Эту роль Флэттери знал хорошо. Стать живым вызовом людской природе, заставить паству найти в себе то лучшее, о чем она и не подозревала до мига откровения. Но слишком многие ломались, не в силах ответить на такой вызов. Раджа вспомнил, сколько боли приносит подобная ответственность. Ему хотелось избежать ее – но задавать Кораблю прямой вопрос он опасался. Разве что вызнать его планы?..

– Ты не прятал случаем в моей памяти ничего об этой игре, что мне стоило бы знать?

– Радж! – Негодование Корабля окатило капеллан-психиатра, точно кипятком, и прошло сквозь тело, как через сито. – Я не краду твоей памяти, Радж, – продолжил голос уже мягче.

– Тогда в этой игре я сам должен стать чем-то отличным от прежних повторов. Что еще новенького ты мне приготовил?

– Само место, где проводится испытание, имеет отличие от всех прежних. Отличие столь значительное, что ты можешь быть испытан им и сам – испытан на разрушение, Радж.

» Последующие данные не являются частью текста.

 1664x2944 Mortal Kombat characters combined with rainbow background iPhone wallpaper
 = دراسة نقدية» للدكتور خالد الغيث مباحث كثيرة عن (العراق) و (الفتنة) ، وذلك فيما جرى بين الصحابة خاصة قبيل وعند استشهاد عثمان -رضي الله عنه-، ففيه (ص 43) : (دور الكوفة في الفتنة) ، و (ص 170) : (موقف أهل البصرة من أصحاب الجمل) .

Подтекст, крывшийся в этом простом ответе, крайне изумил Раджу Флэттери. Значит, есть вещи, неведомые даже всемогущему. Даже Богу – или Сатане – есть чему научиться.

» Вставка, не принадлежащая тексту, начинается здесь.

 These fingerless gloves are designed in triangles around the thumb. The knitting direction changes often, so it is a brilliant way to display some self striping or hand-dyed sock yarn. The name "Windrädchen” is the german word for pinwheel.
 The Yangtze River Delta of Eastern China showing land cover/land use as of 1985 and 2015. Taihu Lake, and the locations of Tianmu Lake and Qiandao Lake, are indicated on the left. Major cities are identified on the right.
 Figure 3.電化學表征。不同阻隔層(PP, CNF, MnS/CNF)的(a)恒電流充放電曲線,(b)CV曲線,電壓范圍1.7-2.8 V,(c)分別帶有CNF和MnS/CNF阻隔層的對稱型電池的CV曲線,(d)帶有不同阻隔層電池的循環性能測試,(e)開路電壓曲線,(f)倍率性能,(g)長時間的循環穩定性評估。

– В том изумительном и опасном состоянии, которое вы, люди, зовете временем, – откликнулся Корабль на его невысказанную мысль, напугав Раджу до судорог, – сила может стать слабостью.

– Тогда что это за отличие такое значительное?

– Этот элемент игры ты откроешь для себя сам.

Теперь Флэттери уловил суть игры – он должен был выбирать. По собственной воле, без принуждения. Корабль требовал случая взамен предопределенности; не безупречных повторов голозаписи, а импровизации вживую, когда господствует свобода воли. А первыми призом станет выживание человечества. Вспомнились слова из «Руководства для капеллан-психиатров»: «Господь Бог не играет в кости»*. [Приписывается Эйнштейну – он до конца своих дней критически относился к квантовой механике, в которой принцип неопределенности является одним из основополагающих.] Тот, кто сказал это, ошибался.